Going from the line that contains "加油炒鸡蛋炒好后加入青椒翻炒均匀后加一点盐翻炒均匀关火。" to the last line of the material below, repeat every line exactly.

___ The data

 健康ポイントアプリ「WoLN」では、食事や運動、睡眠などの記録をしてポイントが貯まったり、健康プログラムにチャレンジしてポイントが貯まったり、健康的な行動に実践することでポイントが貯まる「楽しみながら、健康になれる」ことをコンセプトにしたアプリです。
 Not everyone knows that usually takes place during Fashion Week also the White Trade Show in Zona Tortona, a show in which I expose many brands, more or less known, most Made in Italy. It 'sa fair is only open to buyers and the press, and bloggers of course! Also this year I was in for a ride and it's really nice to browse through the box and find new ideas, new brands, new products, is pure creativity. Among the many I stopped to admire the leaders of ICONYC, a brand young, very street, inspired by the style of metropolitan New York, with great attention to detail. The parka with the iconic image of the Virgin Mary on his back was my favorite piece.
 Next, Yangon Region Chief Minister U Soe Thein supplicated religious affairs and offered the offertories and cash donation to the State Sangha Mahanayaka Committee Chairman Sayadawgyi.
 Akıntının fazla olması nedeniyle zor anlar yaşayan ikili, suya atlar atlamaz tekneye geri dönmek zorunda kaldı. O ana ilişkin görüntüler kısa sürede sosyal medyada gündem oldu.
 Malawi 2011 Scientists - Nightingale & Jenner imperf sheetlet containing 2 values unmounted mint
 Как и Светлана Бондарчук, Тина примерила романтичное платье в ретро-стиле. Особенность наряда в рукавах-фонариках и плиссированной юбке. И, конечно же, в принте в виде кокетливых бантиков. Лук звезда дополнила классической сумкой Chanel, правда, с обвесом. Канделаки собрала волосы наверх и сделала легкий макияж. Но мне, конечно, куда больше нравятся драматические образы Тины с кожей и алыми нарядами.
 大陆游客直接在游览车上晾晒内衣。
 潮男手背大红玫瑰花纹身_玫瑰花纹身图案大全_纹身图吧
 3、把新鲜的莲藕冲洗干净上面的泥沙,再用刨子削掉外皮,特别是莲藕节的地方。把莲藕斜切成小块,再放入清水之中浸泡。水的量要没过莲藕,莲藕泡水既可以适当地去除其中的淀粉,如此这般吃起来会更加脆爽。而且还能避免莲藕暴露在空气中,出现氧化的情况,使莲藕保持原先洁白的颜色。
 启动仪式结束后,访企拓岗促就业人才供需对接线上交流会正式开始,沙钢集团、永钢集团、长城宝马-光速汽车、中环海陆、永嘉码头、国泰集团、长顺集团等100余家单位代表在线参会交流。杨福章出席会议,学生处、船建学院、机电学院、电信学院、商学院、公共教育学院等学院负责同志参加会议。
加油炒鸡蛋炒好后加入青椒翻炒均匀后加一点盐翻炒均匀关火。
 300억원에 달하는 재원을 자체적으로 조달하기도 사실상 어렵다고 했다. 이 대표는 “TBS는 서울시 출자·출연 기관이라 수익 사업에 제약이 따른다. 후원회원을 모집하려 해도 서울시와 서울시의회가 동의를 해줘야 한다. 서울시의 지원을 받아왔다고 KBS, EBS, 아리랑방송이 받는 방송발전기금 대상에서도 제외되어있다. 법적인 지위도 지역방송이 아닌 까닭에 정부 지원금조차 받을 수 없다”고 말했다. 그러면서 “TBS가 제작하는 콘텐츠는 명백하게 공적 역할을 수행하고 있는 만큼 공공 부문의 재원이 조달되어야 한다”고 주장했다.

______

# Result of the task:
加油炒鸡蛋炒好后加入青椒翻炒均匀后加一点盐翻炒均匀关火。
 300억원에 달하는 재원을 자체적으로 조달하기도 사실상 어렵다고 했다. 이 대표는 “TBS는 서울시 출자·출연 기관이라 수익 사업에 제약이 따른다. 후원회원을 모집하려 해도 서울시와 서울시의회가 동의를 해줘야 한다. 서울시의 지원을 받아왔다고 KBS, EBS, 아리랑방송이 받는 방송발전기금 대상에서도 제외되어있다. 법적인 지위도 지역방송이 아닌 까닭에 정부 지원금조차 받을 수 없다”고 말했다. 그러면서 “TBS가 제작하는 콘텐츠는 명백하게 공적 역할을 수행하고 있는 만큼 공공 부문의 재원이 조달되어야 한다”고 주장했다.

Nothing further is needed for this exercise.